Плачевный привесок. Но теперь он преобразит усы, он придаст им их лучшую половину. Мадригал Задига[67] к возлюбленной, после того как таблетку, на которой он был написан, переломили на две части, превратился в пасквиль на короля. Точно так же и эти усы, подумал Гамбрил, осторожно размазывая клей по щекам и подбородку, — эти усы, которые в отдельности только предают меня, после воссоединения с недостающей половиной сейчас же превратятся в оружие для завоевания прекрасного пола.
Сравнение чуточку сложное, решил он, чуточку тяжеловесное. И к тому же, так как «Задига» почти никто не читает, его вряд ли можно использовать в разговоре. Тщательно, бережно, аккуратными кончиками пальцев он приладил преображение к своему липкому лицу, крепко прижал его, придерживая, пока оно не приклеилось окончательно. Врата Телемы открылись перед ним; он стал хозяином всех роскошных садов, зал и внутренних дворов, широких лестниц, поднимающихся благородными спиралями во чреве каждой из прекрасных круглых башен. И не кто иной, как Колмэн, открыл ему этот путь; Гамбрил был благодарен ему за это. Взглянуть еще раз на цельного человека, признать окончательно и бесповоротно, что Некто Мягкий и Меланхоличный, по крайней мере на время, больше не существует; и вот он уже готов пуститься в плаванье. Он выбрал просторное легкое пальто — он, конечно, не нуждается в нем, так как день нынче ясный и теплый, но, пока мистер Бодженос не подложит вату, ему придется создавать иллюзию широкоплечести именно таким способом, даже если ради этого нужно будет париться. Глупо было бы жертвовать цельностью во имя мелких удобств. Поэтому он облачился в свое летнее пальто — в тогу, как называл его мистер Бодженос, в хорошо сшитую тогу из настоящего корну-эльского шевиота. Он надел самую широкую и самую черную из своих фетровых шляп: для цельности ему необходима была прежде всего ширина, ширина в плечах, ширина полей, широта взглядов, широта эмоций, широкая улыбка, широкие жесты — все широкое. Последним штрихом была старинная массивная пальмовая трость, принадлежавшая его отцу. Будь у него бульдог, он повел бы его с собой на цепочке. Но бульдога не было. Он вышел на солнце в единственном числе.

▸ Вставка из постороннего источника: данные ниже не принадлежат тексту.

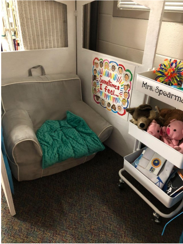
Calm Down Corner from Conscious Discipline Initiative
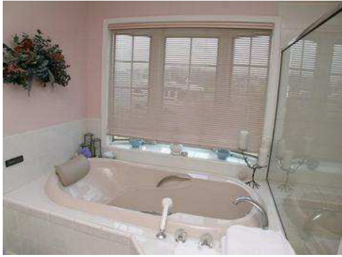
View 19 - Master Bathroom
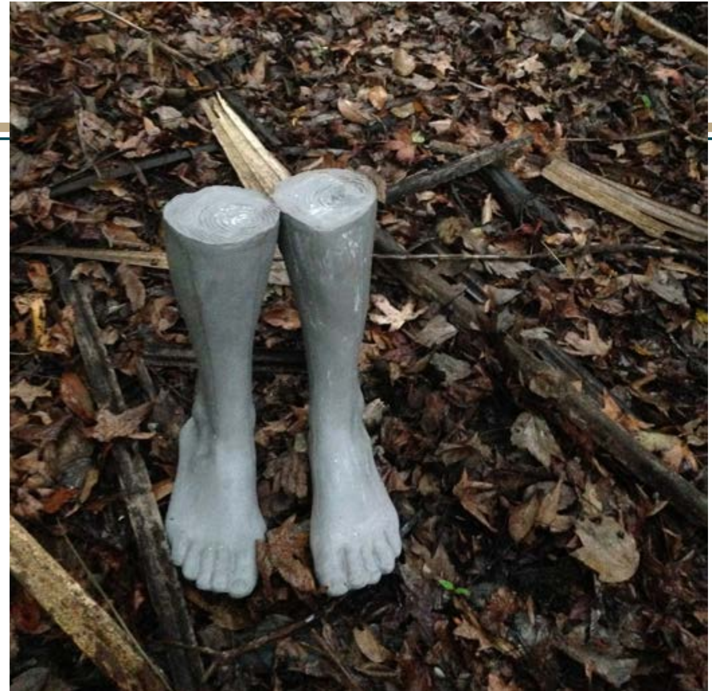
Recomposed (detail), clay sculpture, 2014

Matter exists endlessly in infinite combinations. Natural cycles of dispersal and reformation of matter defy human ideals of permanence, which we struggle with as living things intimately aware of our own imminent decomposition. In death we become something else: a meal, a monument, soil that will host new life. The clay in these sculptures has been mined from the earth and recomposed into the form of feet. They are tree stumps in the swamp; ready for their own decomposition. Soon the clay will deteriorate away from this human-tree hybrid form. The feet have been submitted to various environments to begin their decay before exhibition. The industrial grey sculptures are filled with organic elements visually bridging the gap between man-made and natural. Everything we are or ever make will eventually meet the same process of deterioration and decomposition. After the exhibit ends, my unfired and fragile clay feet will be placed back into the environment and decompose quickly. For a while, they will exist only as a discoloration in the swamp before time and weather disperse the clay that was once human feet.
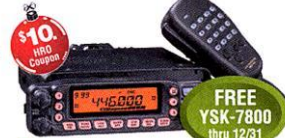
FT-7800R 2M/440 Mobile
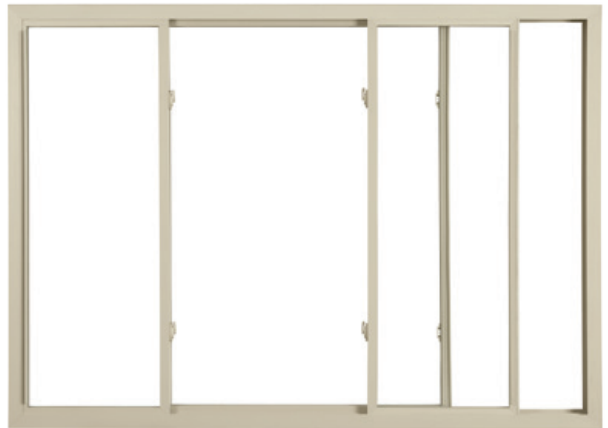
3-Lite Sliding Window
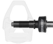
Art.772-64-S EUR 286.80 Left Assioma-Shi sensor with adapter
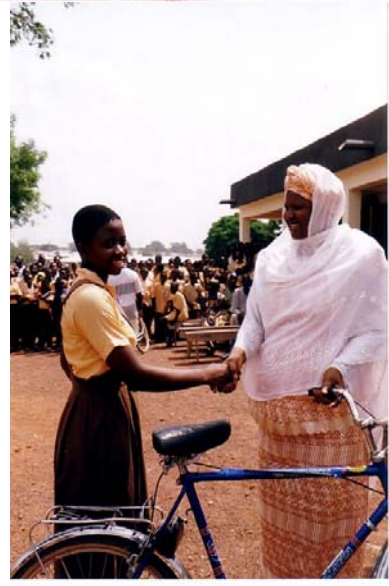
A line up of school childrenbeneficiaries with their bicycles

a youth receiving her bicycle with smiles
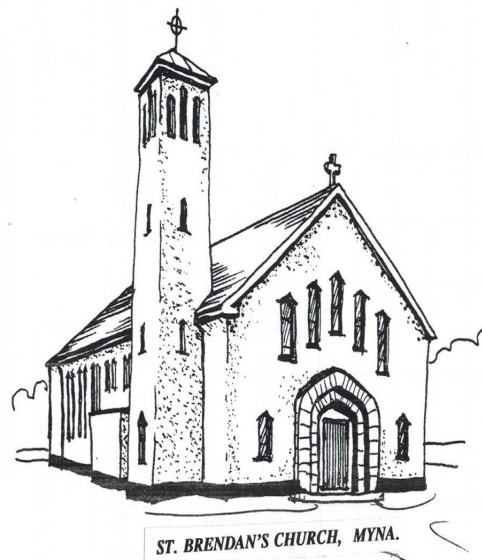
ST. BRENDAN'S CHURCH, MYNA.
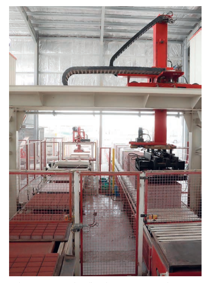
Cuber Servo 700 with walking beam conveyor and stone cube frame conveyor
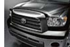
Hood Protector $165.00 Installed MSRP*
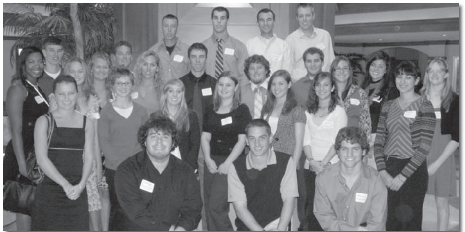
Students in attendance at the luncheon

The students addressed the Founders Fund members, informing them about their educational goals, accomplishments and career aspirations. They also thanked the members for their tuition assistance and described how the scholarships have aided them in their higher education schooling.
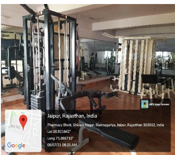
Boys Hostel Gym
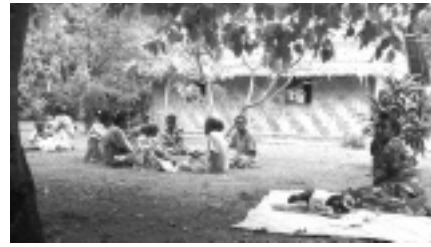
Port Vila, Vanuatu

way that made for a family-like atmosphere throughout the feast. Activities included an Asian dinner and games evening, in which each family brought its favorite Asian dish to share. After dinner, games and a Bible quiz were provided for children and adults alike. Other activities involved a mountain hike, a luncheon, and an afternoon at a small island inhabited by many free-roaming animals that could be fed and held.
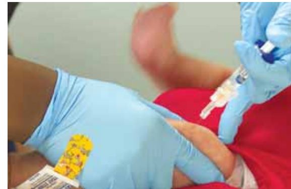
AP ■ GENEVA

About 25 million children worldwide have missed out on routine immunizations against common diseases like diphtheria, largely because the coronavirus pandemic disrupted regular health services or triggered misinformation about vaccines, according to the U.N.
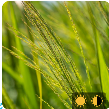
SWITCHGRASS Panicum virgatum
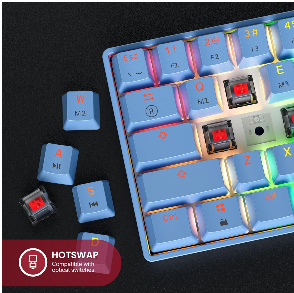
Image: A close-up view of the GK61 keyboard, showing individual keycaps and the underlying hotswap optical switches.
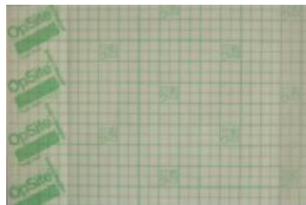
Fig. 2: Opsite Flexigrid™ 10x12 Cm.

We thought about a new application of Opsite Flexigrid™ (Smith and Nephew Medical Limited, Hull, HU3 2BN, England) which is a transparent, adhesive film dressing, with a measurement grid (Figure 2).
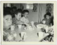
[Students of the Morley Indian Residential School] (13d-c5705-d20)
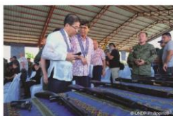
Signing Ceremony for "The Project for Promoting Human Security through the Community Economic Development and Livelihood Initiatives in Bangsamoro Region" (CEDAR)
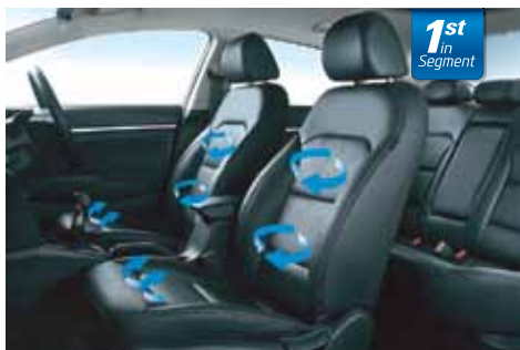
Front Seat Ventilation System
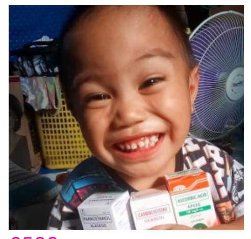
£500 donation provides medicines for our walk in clinic for 4 months.
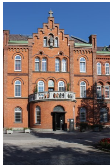
Casa de la Misión San Gabriel en Mödlingen
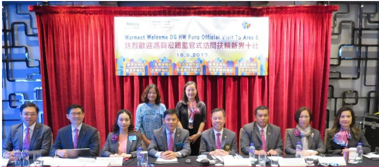
DG official meeting with RC Shenzhen
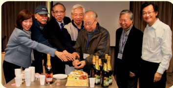
2015: 3rd Anniversary Celebration
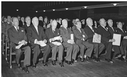
Figure 4: Opening ceremony of the 5 th ICG Congress in Munich, 1959

In 1959 the congress was held for the first time in Germany – in Munich. The importance ascribed to the event by the then government of West Germany was documented by the fact, that the congress was attended by Vice-Chancellor Erhard, who gave a lecture on current economic development. Despite the fact that some Asian and East European countries were only represented by small delegations, the congress proved that contacts between glass experts were again developing on a global scale.
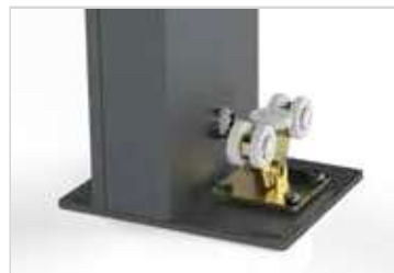
Post with automation
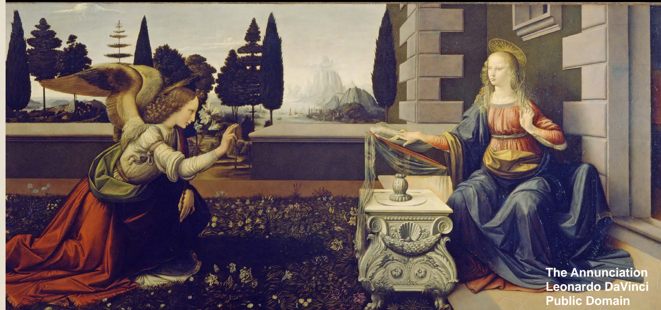
The Annunciation Leonardo DaVinci Public Domain
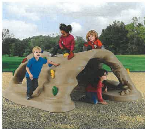
Climb and Discover Cave UP120 | $7,693.85
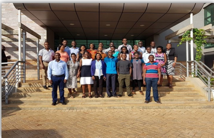
Group Photo of SRL staff taken during the Laboratory Quality Management Systems and Internal Audit course

As part of strengthening the capacity of its mentors the SRL Uganda organized a 5-day training in basic laboratory Quality Management Systems and internal audit based on ISO 15189 at SRL Uganda between the 2 nd and 7 th of October 2017.
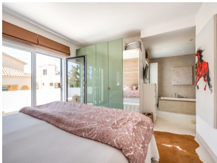
View to the bathroom en suite
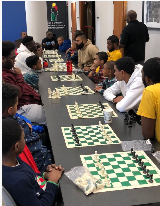
CBMM CHESS TOURNAMENT
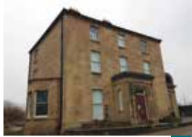
Westfield Folk House, Westfield Lane 6
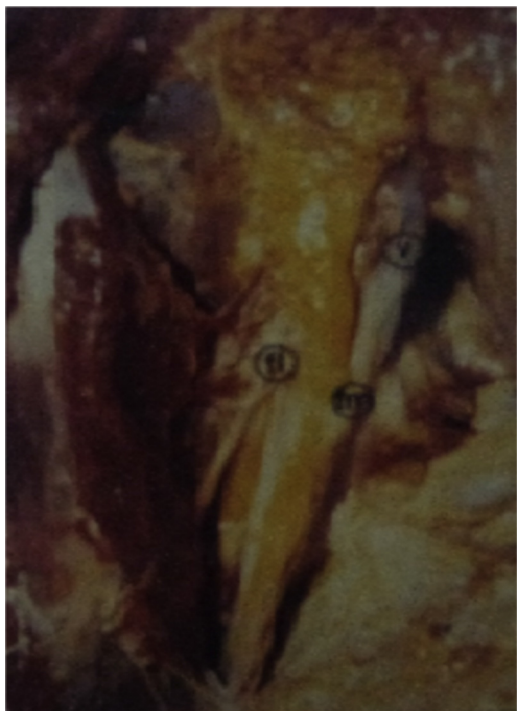
Figure 1 Total involvement of the brachial plexus (yellow). V, axillary vein; fl, lateral fasciculus; fm, medial fasciculus.
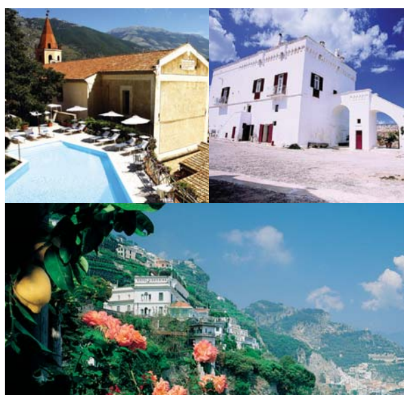
Clockwise from top left; Locanda delle Donne Monache, Masseria Torre Coccaro, Santa Caterina
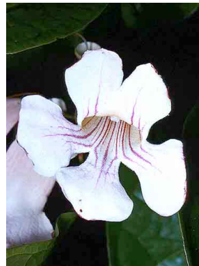
8 Cydista aequinoctialis BIGNONIACEAE
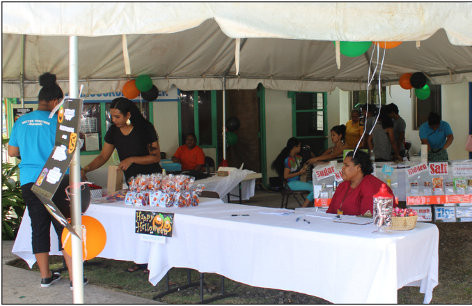
PCC students participating in the CDU Halloween Bash Event

On Wednesday, October 26, 2016 the Communicable Diseases Unit (CDU) of the Palau Ministry of Health (MOH) organized a Halloween Bash Event. Hosted on the campus of Palau Community College (PCC), the event encouraged students as well as individuals from the community to participate in activities that promoted awareness for communicable diseases such as the Human Immunodeficiency Virus (HIV), Sexually Transmitted Infections (STIs), Tuberculosis (TB), and Leprosy. HALLOWEEN BASH, CONTINUED ON PAGE 3
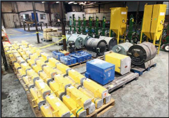
SAMPLE VIEW OF ROD OVENS

FOR BIDDING AT THIS AUCTION. Go to www.pmi-auction.com and click on BidSpotter on our calendar page for this auction sale.
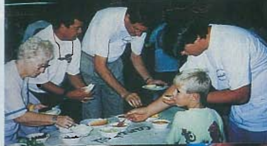
Poker hands are traded-
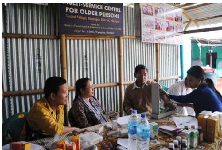
Health Check-up at the Centre

consumption for its low price and good quality. Thus an older person can earned extra income at the centre while spending time with their peers.
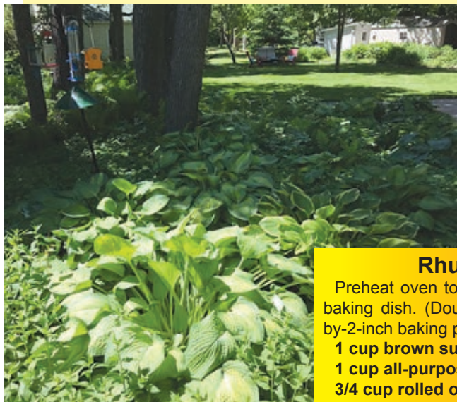
The Rhubarb And All The Gardens Are Really Blooming Nicely.
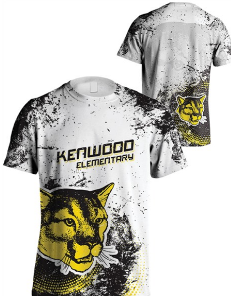
YTH/ADULT DYE SUB SPLATTER
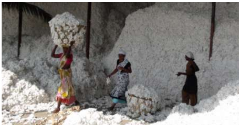
Indian Markets with surplus cotton

India became a leading global exporter of raw cotton with exports averaging at 53 lakh bales over nine years from 2003-2011 compared to an average of 1.18 lakh bales during the years 1997 to 2002 prior to the introduction of Bt cotton. Imports declined from an average of 16.50 lakh bales over 6 years between 1997 to 2002, to an average of 6.9 lakh bales over 9 years from 2003 to 2011.
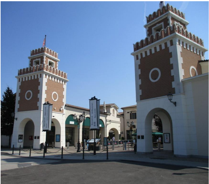
Designer Outlet Noventa, Noventa di Piave (I) McArthurGlen
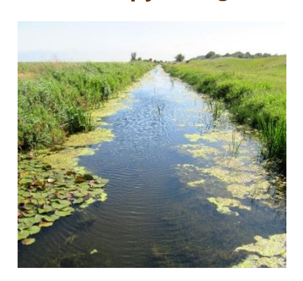
The Royal Military Canal runs for 28 miles (45km) and was built as a defence against possible invasion during the Napoleonic Wars
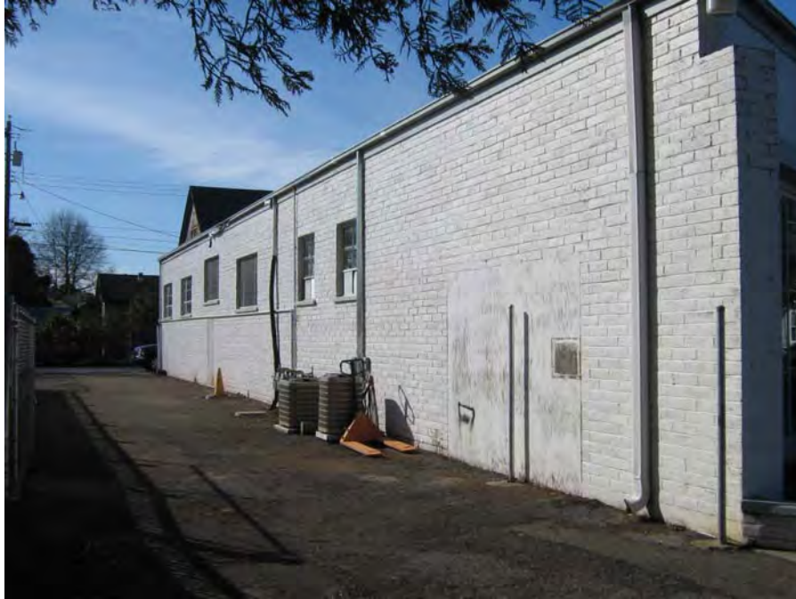
View of East façade (Page & Turnbull, 02/13/2012).
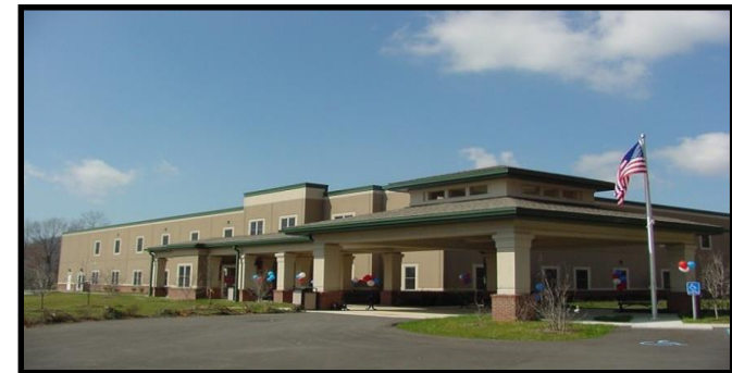
Eastern Kentucky Veterans Center Hazard KY
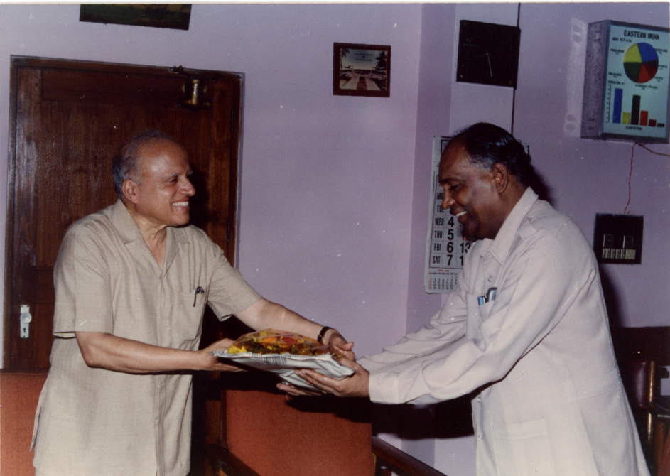
DIRECTOR PRESENTING BOUQUET
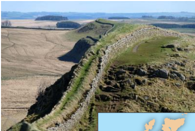
Hadrian's Wall was built to protect Roman territory against raiding and control entry into Britain. The Wall was also a place where communities developed.
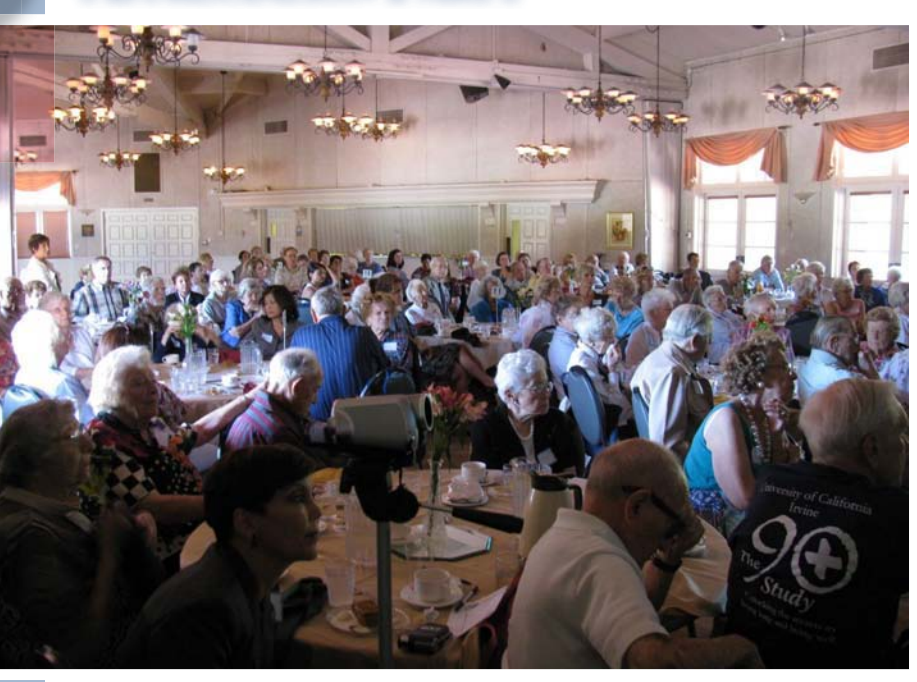
157 participants, family, and friends attended the 6th annual 90+ Study Appreciation Party at Clubhouse 2 in Leisure World on September 23, 2009. Attendants enjoyed lunch, music, and meeting with the researchers.
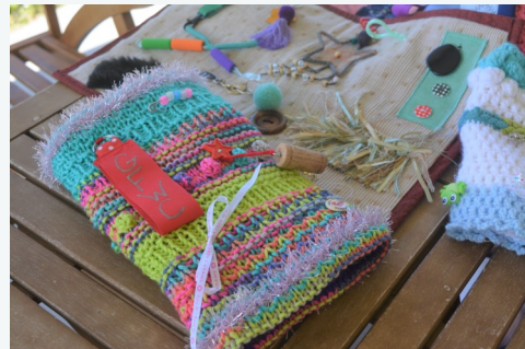
Tubular-shaped fidget sleeves help with the need to touch/grab by the compulsive, ever-moving fingers of memory patients.
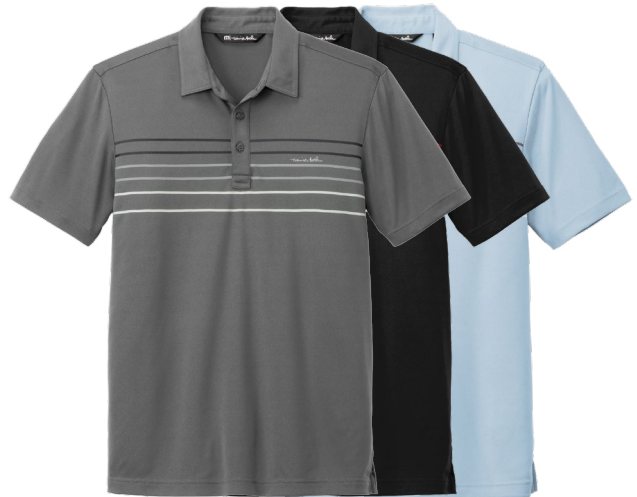
TRAVISMATHEW Coto Performance Chest Stripe Polo TM1MY400 Adult Sizes: S-3XL | 3 colors
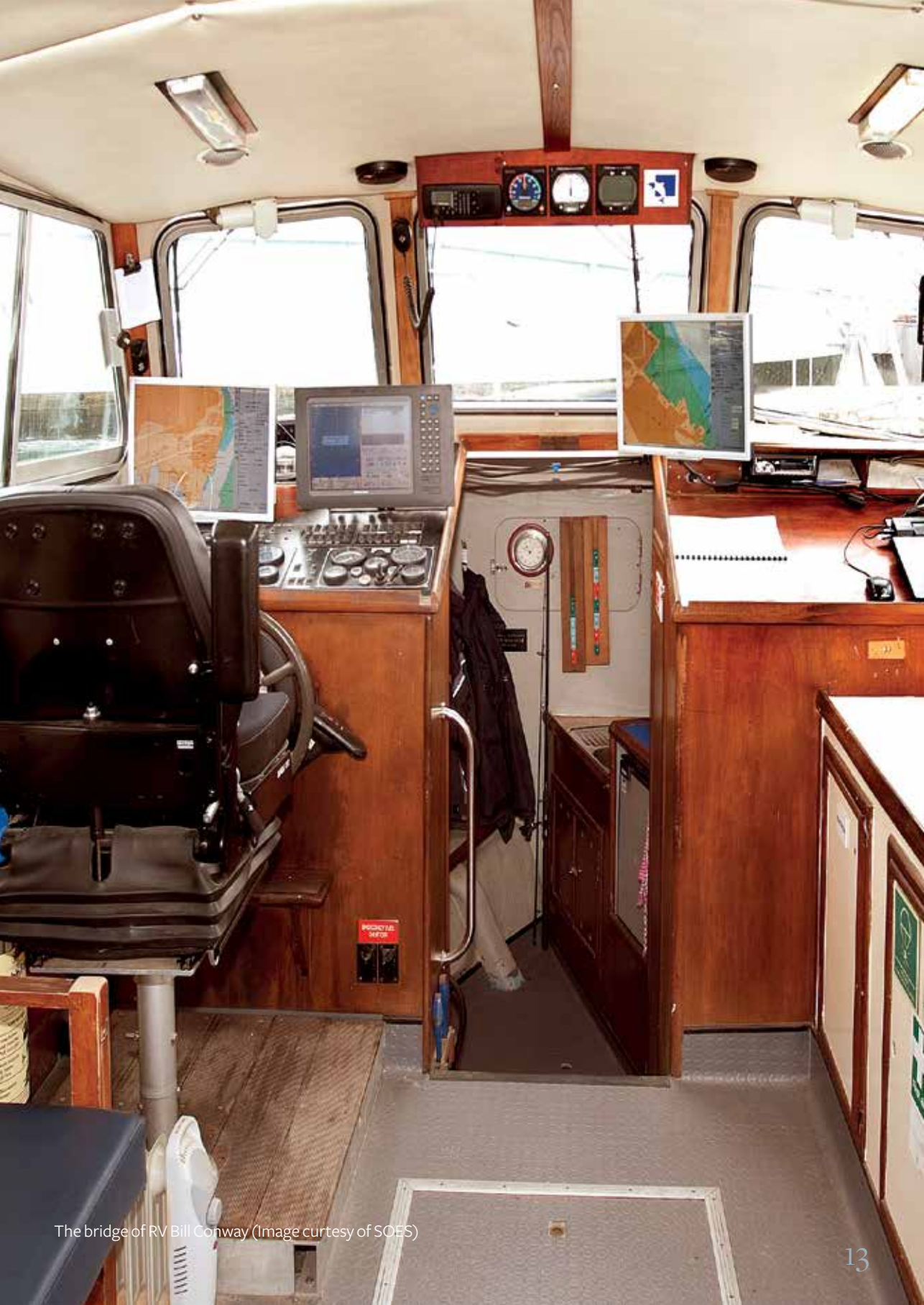
The bridge of RV Bill Conway

Но он вовсе не намерен был долго оставаться в единственном числе. Эти теплые ясные майские дни — самое подходящее время для любовных приключений. И быть одному в такие дни — нечто вроде болезни. Болезни, которой Некто Мягкий и Меланхоличный страдал слишком часто. А между тем в Англии женщин на несколько миллионов больше, чем мужчин; миллионы лишних женщин. Каждый день на улицах встречаешь их тысячами; и некоторые из них очаровательны, восхитительны — единственные, неповторимые подруги жизни. Тысячи единственных и неповторимых подруг жизни вдень. Некто Мягкий и Меланхоличный давал им пройти мимо — навсегда. Но сегодня — сегодня он цельный раблезианский человек; сегодня он вооружен до зубов бородой; бессмысленная игра в самом разгаре; будут возможности, и Цельный Человек сумеет их использовать. Нет, в единственном числе он не останется.